January may be over, but we’re sure you’re still seeing friends who are announcing their commitment to healthier lifestyles in order to achieve a body image that they are happier with – and good on them! Deciding to take that first step to modifying their lifestyles takes a whole lot of courage and discipline, so the least that you can do as a friend is to help them and not hamper them.
However, good intentions may not translate to beneficial actions. We may say something in the hopes of encouraging these friends, or which we think wouldn’t affect their progress, but in reality these may be the most detrimental of all.
Here, we hope to give you some inspiration on how to be the most supportive you can be for friends who are pushing themselves to become healthier. Check off this list and see how many you’ve done!
Do join them
If you already have a regular exercise routine, you could invite your friend to join you, or join them in the routines that they have devised for themselves. If your schedules don’t match up or either of you prefer to exercise alone, you could suggest starting on the same home-exercise plan with your friend and keeping each other updated about your respective progress.
If you don’t already have an exercise routine, then this might be a great time to start one.

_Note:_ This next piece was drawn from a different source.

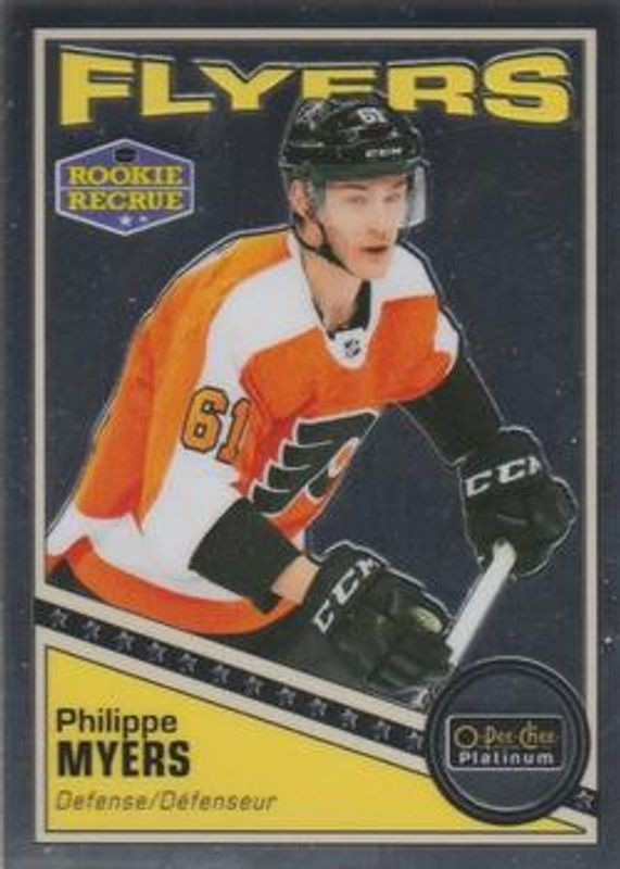 The Philippe Myers 2019 O-Pee-Chee Platinum #R-52 Retro Rookie card is 1 of 18 Philippe Myers' card variations in the 2019 O-Pee-Chee Platinum set being tracked by Sports Card Investor, including Base, Matte Pink, Rainbow, Sunset, and Violet Pixels /399.

Your friend wouldn’t feel alone in his or her journey, and it’s likely that both of you will face the same struggles together, and be able to motivate each other to overcome those hurdles together.
Don’t police them
When a person is already struggling with the difficulties of changing their habits, it doesn’t help when they are constantly being nagged at or scolded by their friends at every little slip-up they make. It almost never motivates, and almost always discourages the person to the point of reverting back to their original lifestyle.
Furthermore, this sort of policing is detrimental to your friendship, as it could come across as condescending, or as if you are trying to show off. Your friend is a thinking adult with a mind of their own, and it is very likely that they already feel guilty at their slip-up without having to be reminded about and put down for it.
Do learn about their plan
If you spend a lot of time with said friend, it would be worthwhile to learn about the plans that they have made for themselves to change their lifestyles. This could help prevent ourselves from making mistakes that could set your friend back in their plans.
If your friend wants to stay away from carbohydrate-rich meals on certain days of the week, you could suggest carbohydrate-free meals or restaurants if you meet him or her on that day, and even join them in their choice of diet for that day. This could help a lot in keeping your friend on the path they have designed for themselves, rather than tempting them off it.
Don’t make it about yourself
You might be someone who has tried the same lifestyle modification plans as your friend – and perhaps you’ve done better, or have failed. Either way, don’t make this about yourself, or try to “compete” with your friend by showing that you can do better. We should understand that this is not a healthy mindset for both yourself and your friend.
You could share your past experiences if your friend asks about it, but always stay supportive instead of insisting or discouraging your friend from following the same path as you did. Everyone is different, so be open-minded no matter what methods he or she decides to employ.